时洱被拉回现实,眉头才微微舒展,她缓慢睁开眼,看到岑喜儿的那一刻,她整个人都陷进了她的怀抱。
“……喜儿。”
“我在。”
“我好像永远都打不通那个电话……”
岑喜儿暖意拍背,“心理医生说过,克服梦魇不该在梦中,应在现实里。”
时洱淡去神情,“现实……”
“解铃还须系铃人,找到号码的主人。”
她一字一顿,心理空了一瞬。
“……我真的还要去找他吗?”
“当初这个畜牲不顾大学情谊,将你拉黑,一走了之。”岑喜儿手指收紧了一下,“让我再见到他,我必须一拳打死他!”
时洱脸蛋蹭着她的肩。
岑喜儿看向时洱虚弱的模样,心脏仿佛被揪了一下,紧接着安慰道:“我带你去雪莱酒吧呀,都说酒解千愁,喝酒还有助于睡眠,对你简直是最优解。”
时洱眨着眼,“嗯嗯,好久没大醉一场了。”
枫芜城极其繁华,鎏金灯火倾泻,夏淮江波光粼粼盛着霓虹,酒杯中映着城市的流光,喧嚣浮奢,纸醉金迷。
雪莱酒吧(Shelley's Bar)
乐队现场唱着民俗小调,回荡在空间之内,人们三三两两组成一队,在这城市一隅,享受片刻欢愉。
与这里格格不入的,是一匹蛰伏在暗处的野狼。
冷调红蓝光影交错的卡座深处,谢璟慵懒的坐在黑色皮质沙发里。
他内搭纯黑圆领打底衫,外头叠穿翻领机车皮衣,衣服随意敞着,修长手指虚握着高脚杯,指尖抵着冰凉杯壁,眼神递到庄延的脸上。
庄延:“Long time no see. ”
(好久不见)
谢璟手中的酒杯被他轻易的摇晃,剔透酒液撞出细碎的涟漪,“怎么?在国外待多了,回国不适应母语?”说话间,眼尾漫着几分颓靡野性。

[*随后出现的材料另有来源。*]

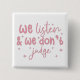 Beschreibung: Eine warme und unterstützende Nachricht in einem spielerischen, handgeschriebenen rosa Schriftart mit kleinen Glitzern. Der Satz "Wir hören zu und wir beurteilen nicht" fördert Freundlichkeit, Verständnis und eine urteilsfreie Einstellung.
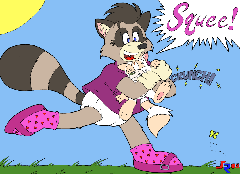 Sunny unleashes her inner Elmyra on an unsuspecting SachiCoon in this drawing. Just a few notes about this picture...
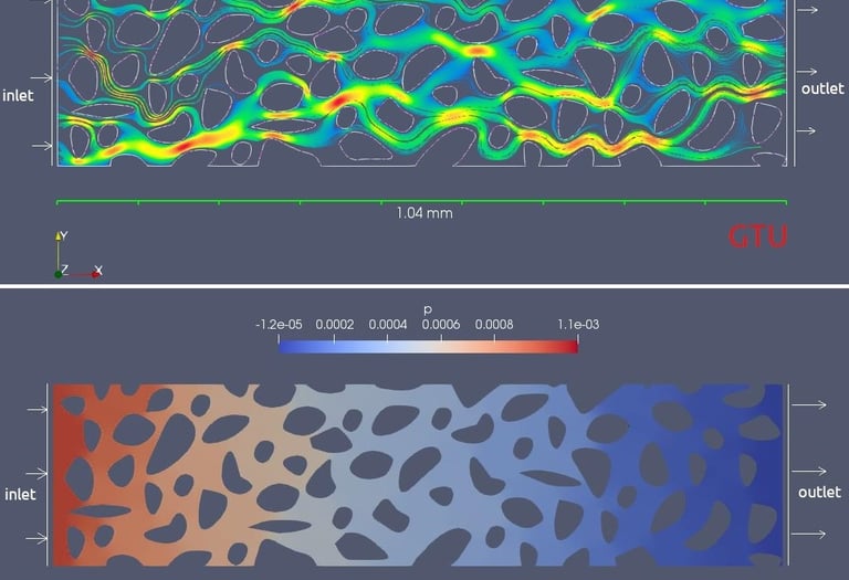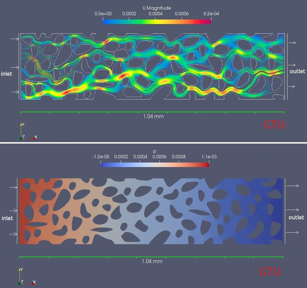 A CFD study where the capilar flow velocities and head loss through the filter is studied.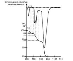 Проведенные испытания показали, что истолкование основной кривой значительно облегчается одновременной записью деривативной термогравометрической кривой (ДТГ). Анализ последней дает более полную и правильную картину происходящих в пробе термических превращений. Следующие почти непрерывно друг за другом процессы на кривой термогравиметрии смешиваются, на деривативной же кривой они четко разделены.

庄延是谢璟的大学同学,如今是他的得力助理,全权负责调查十年前的真相,他出国调查了几年,终于查到些蛛丝马迹。
他笑嘻嘻道:“别说,出国真挺delightful(美妙)”
谢璟扶额,“赶紧说正事。”
庄延收起笑,“十年前,时洱的父亲因急性心脏病去世,母亲一夜白头,后来不知为何只身前往米国。”
“然后呢?”
庄延眯眼左右缓慢摇头。
谢璟眼神黯淡下去,“你只查到这些?”
“不。”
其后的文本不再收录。